Выбрать главу

Исчезновение дома еще более значимо для автора-героя Гришковца, чем исчезновение неба, прежде всего потому, что с памятью о доме и о детстве связано для него ощущение собственного (убитого) Я. И для него Дом — это осязаемо-осмысленное пространство: здесь все имело свой смысл, даже самые пустячные занятия, вроде разглядывания того, как бабушка пьет чай, или ожидания глупейших мультфильмов по телику.

Опыт Русского острова — это не временная смерть, предполагающая новое рождение. Это травма, оставившая незарастающую зону смерти внутри не только героя, но и, думается, автора. Существо этой травмы, которая, как уже говорилось, удивительно резонирует с постсоветским кризисом идентичности, позволяет понять терминология Жака Лакана.

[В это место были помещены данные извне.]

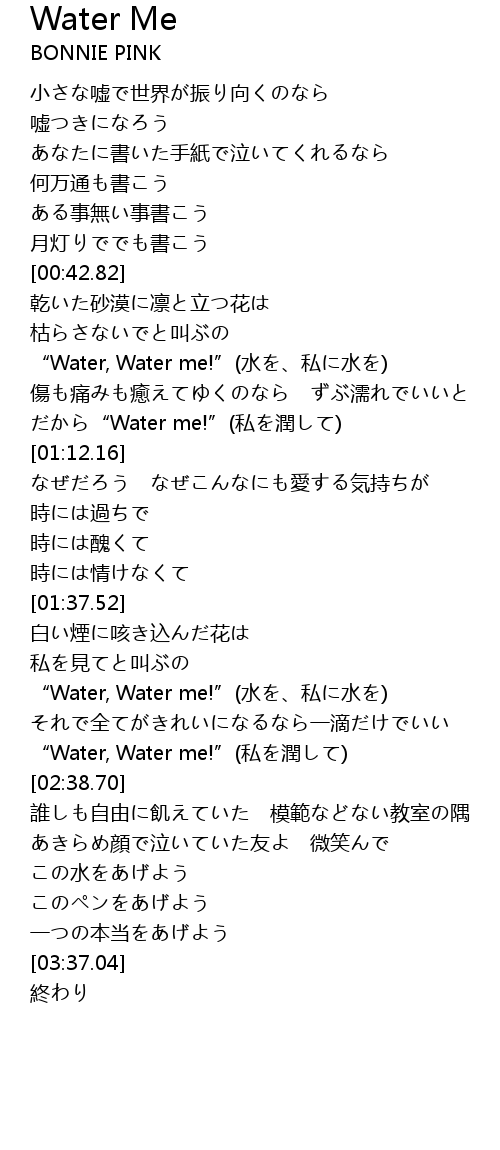 | [00:54.40] | “Water, Water me!”(水を、私に水を) |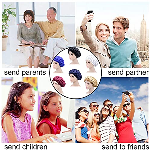 Cuffia da Notte in Raso, 6 Pezzi Cuffia per Doccia Impermeabile, Berretto Da Notte In Raso Berretto Da Notte Per Dormire Berretto Da Notte In Seta Da Donna Cappellino Elastico Bellezza Copertura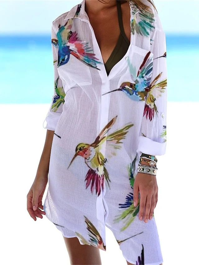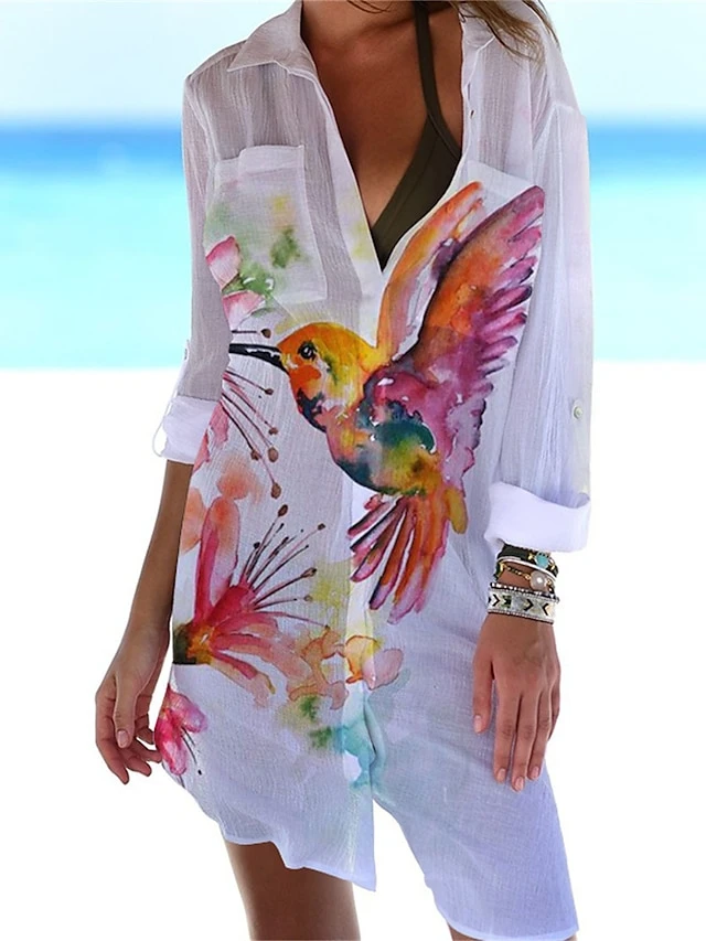 Women‘s Shirt Dress Cover Up Beach Dress Beach Wear Mini Dress Pocket Print Fashion Casual Floral Turndown 3/4 Length Sleeve Loose Fit Outdoor Daily White Yellow 2023 Spring Summer S M L XL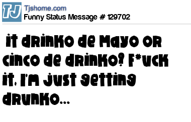 X says it drinko de Mayo or cinco de drinko? F*uck it, I'm just getting drunko...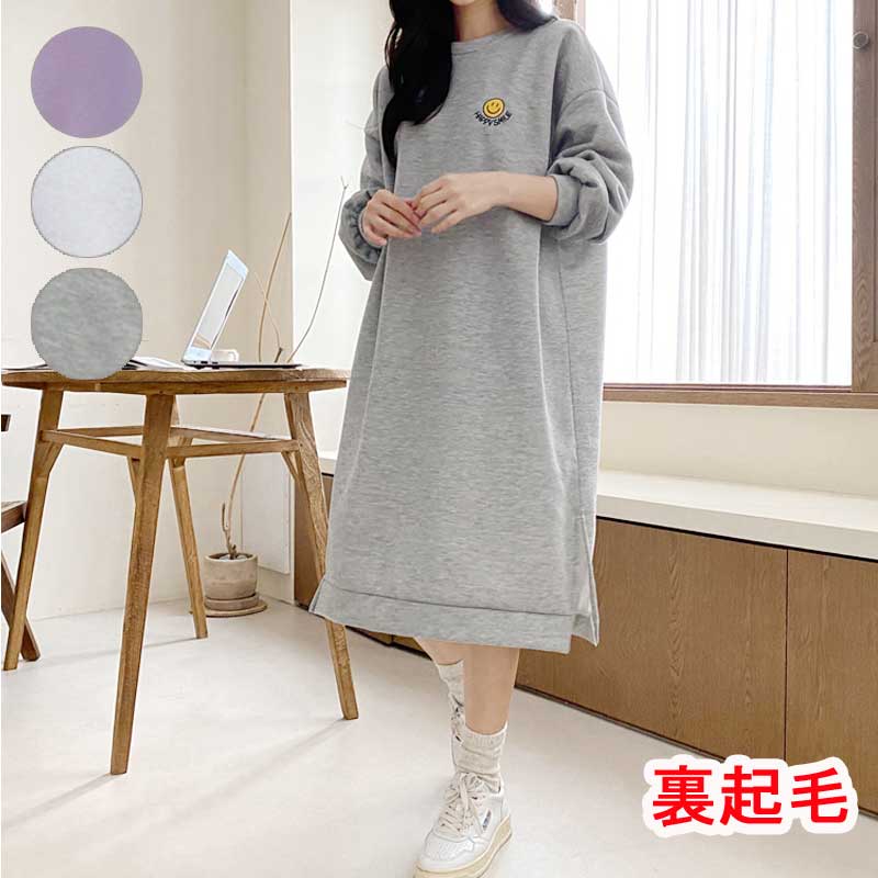 ワンピース 裏起毛 スマイル&英字 刺繍 スリット入り 長袖 スウェット

По мысли Лакана, невербализованное, сенсорное представление о собственном Я связано с уровнем индивидуального Воображаемого, тогда как трансцендентальное отношение является условием формирования Символического, связывающего субъекта с метаязыками общества и культуры[526]. Травма Русского острова (в самом широком смысле этого образа), травма нормализованного насилия, разрушает и Воображаемое (Я), и Символическое (метаязык), лишая героя и дома, и неба. За пределами Воображаемого и Символического находится Реальное, которое Лакан отождествляет с невозможным и невыразимым бессознательным знанием о себе и о мире: «…Противостоящим возможному является именно реальное, нам придется определить реальное как невозможное»[527]. Ученик и последователь Лакана Славой Жижек определяет эту категорию так:

.. Реальное само по себе — дыра, разрыв, незамкнутость в самом средоточии символического порядка. Это нехватка, вокруг которой и структурируется символический порядок. <…> Реальное не может быть подвергнуто отрицанию, поскольку оно уже само по себе, в своей позитивности, есть не что иное, как воплощение чистой негативности, пустотности[528].

Именно Реальное, открывшееся Гришковцу и его герою на Русском острове, и делает невозможным возвращение к цельному Я и обретение непротиворечивого символического метаязыка, связывающего Я с другими и придающего устойчивый (трансцендентальный) смысл существованию.

Именно Реальное и является источником и причиной травмы. Именно его и пытается выговорить Гришковец — хотя это в принципе невозможно, и он это отлично понимает: «Я не понимаю, почему я все это рассказываю. Хотя причину я очень остро чувствую. Она есть… Она где-то здесь (показывает на грудь) очень остро ощущается, а иногда подступает вот сюда (показывает на горло)… Но стоит ее назвать… назвать, произнести ее, высказать словом каким-то, и тут же она, раз и не причина…»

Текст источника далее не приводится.